*** Opening of Input data ***

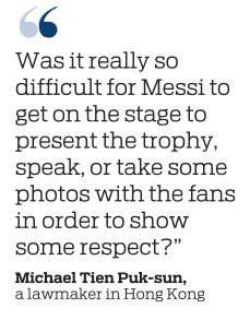 Messi's remarks drew the wrath of lawmaker Michael Tien Puk-sun, who called it a great insult since Messi made his explanation in Tokyo rather than when he was in Hong Kong.
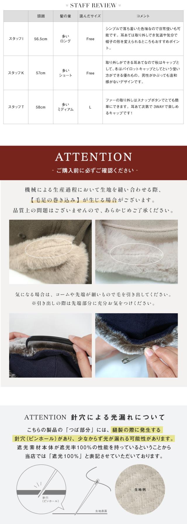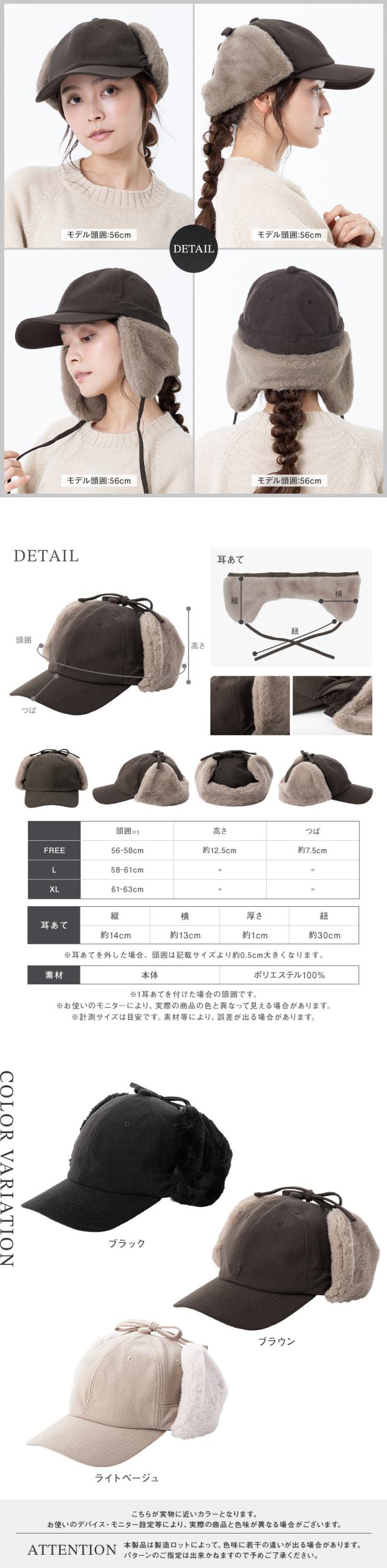 | ・高さはモデル着用時の高さを記載しています。 ・記載されている頭囲・耳あてのサイズは、耳あてを付けた状態の計測値です。 ・頭囲・高さのサイズ表記は、5ミリ前後の誤差が生じる場合があります。計測サイズは目安としてお考えください。 ・お取り扱いの前に品質ネームタグの記載内容をご確認ください。 ・ご覧頂くモニターの発色具合によって実物と色が異なって見える場合があります。 ・商品単体の画像が実際の商品と色合いが近いものとなっておりますので、ご参照ください。 ・同商品でも、染色過程で色味が多少変わる場合があります。 ・後頭部の調節テープで微調節が可能です。 ・取り外し可能な耳あて付きです。 |
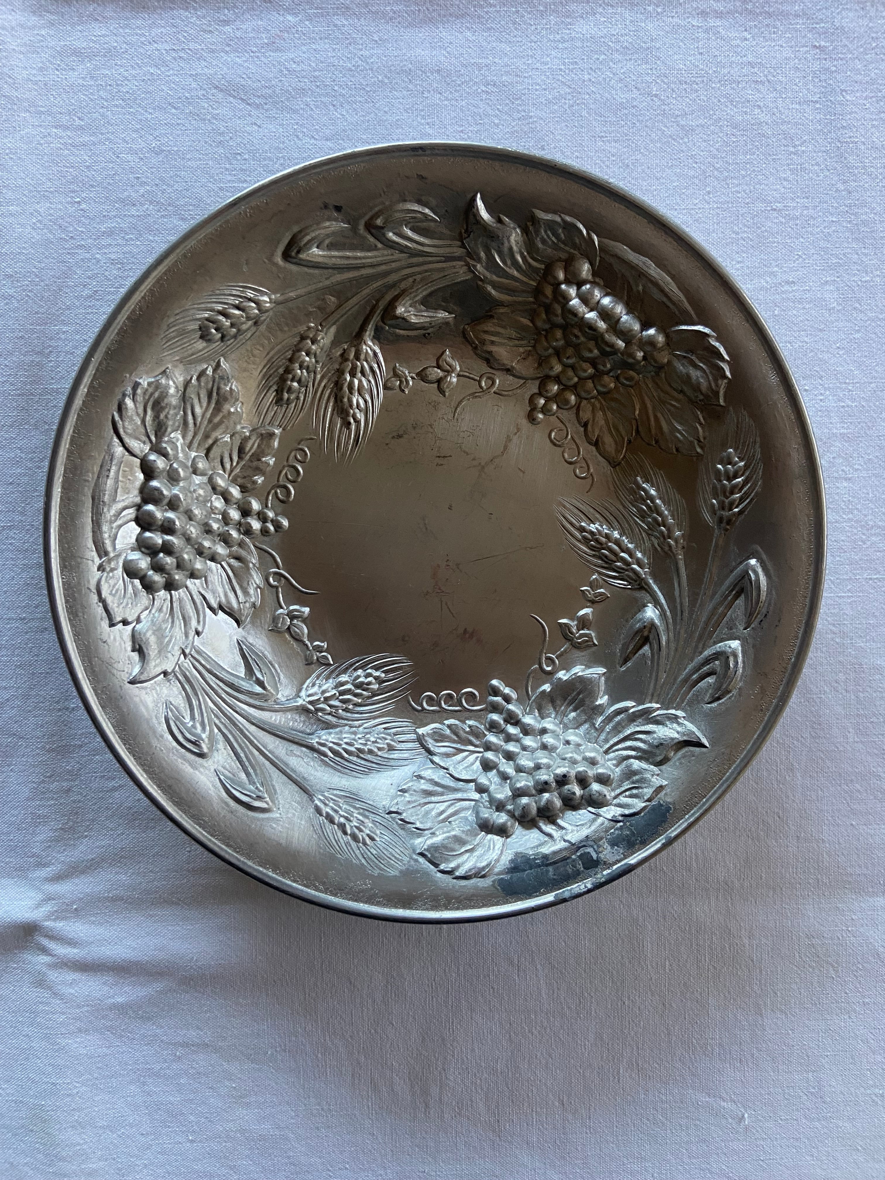 大きな立体的葡萄と大麦がダイナミックなピューターのプレート
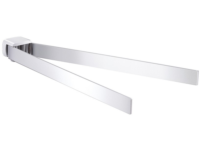 LILY porte-serviette articulé chrome. Réalisé en acier inoxydable et Cromall®, avec des contenants en verre satiné. Le Cromall® est un revêtement de surface qui associe l'acier inoxydable à un revêtement en chrome, créant un matériau à la fois résistant et durable.
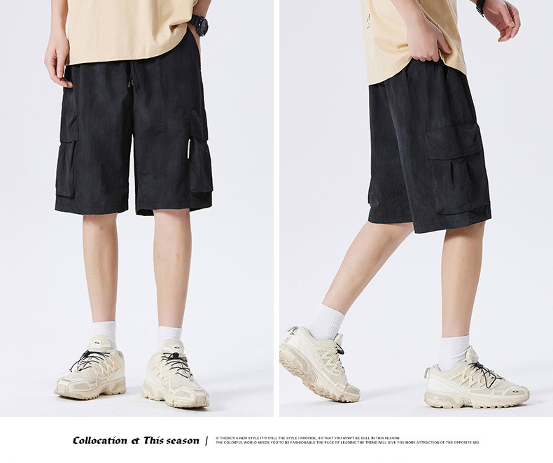 얇은 일본 복고풍 캐주얼 대형 포켓 카고 반바지 남성 여름 유행 브랜드 루즈하고 다재다능한 스포츠 중간 길이 바지
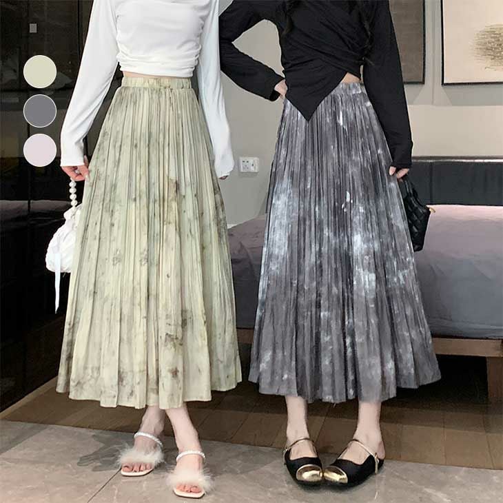 スカート プリーツ シフォン ミモレ丈 Aライン [AMELY by La-gemme]スカート プリーツ シフォン ミモレ丈 Aライン タイダイ柄 ロング お洒落 マキシ 可愛い 春 おすすめ レディース オシャレ トレンド 人気 プチプラ 韓国ファッション【1056-gt】【予約販売:15-20日】【送料無料】メ込2
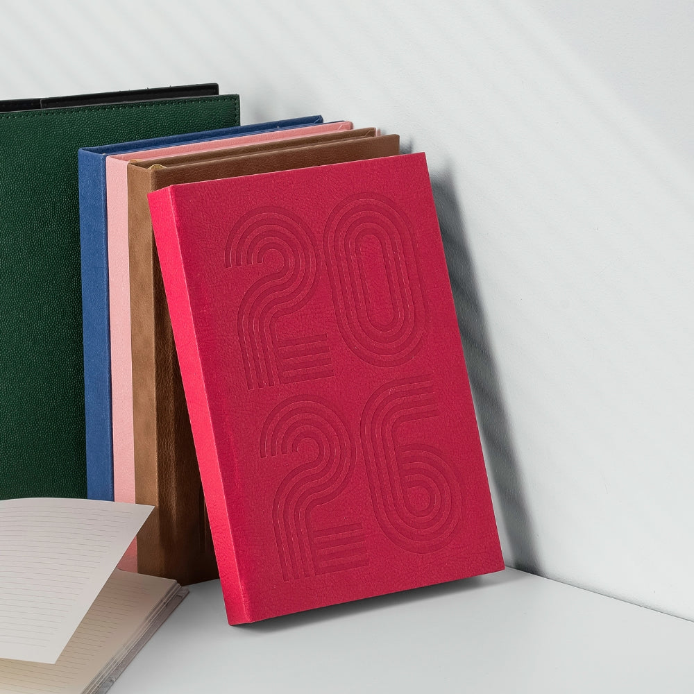 Ši darbo knyga su sodria vyšnine eko odos tekstūra – tai pareiškimas apie tave: kūrybingą, ryžtingą ir nebijančią(-į) spalvų. Stilingai įspausti 2026 skaičiai per visą viršelį kuria retro dvasią su moderniu charakteriu. Joje – ne tik vieta planams, bet ir impulsas veikti su polėkiu.

*** Close of Input data ***

*Activity*. Repeat exactly the lines from the one containing "LILY porte-serviette articulé" to the last line of the records above, including both, and leave out any pictures.

*Result for this exercise*.
 LILY porte-serviette articulé chrome. Réalisé en acier inoxydable et Cromall®, avec des contenants en verre satiné. Le Cromall® est un revêtement de surface qui associe l'acier inoxydable à un revêtement en chrome, créant un matériau à la fois résistant et durable.
 얇은 일본 복고풍 캐주얼 대형 포켓 카고 반바지 남성 여름 유행 브랜드 루즈하고 다재다능한 스포츠 중간 길이 바지
 スカート プリーツ シフォン ミモレ丈 Aライン [AMELY by La-gemme]スカート プリーツ シフォン ミモレ丈 Aライン タイダイ柄 ロング お洒落 マキシ 可愛い 春 おすすめ レディース オシャレ トレンド 人気 プチプラ 韓国ファッション【1056-gt】【予約販売:15-20日】【送料無料】メ込2
 Ši darbo knyga su sodria vyšnine eko odos tekstūra – tai pareiškimas apie tave: kūrybingą, ryžtingą ir nebijančią(-į) spalvų. Stilingai įspausti 2026 skaičiai per visą viršelį kuria retro dvasią su moderniu charakteriu. Joje – ne tik vieta planams, bet ir impulsas veikti su polėkiu.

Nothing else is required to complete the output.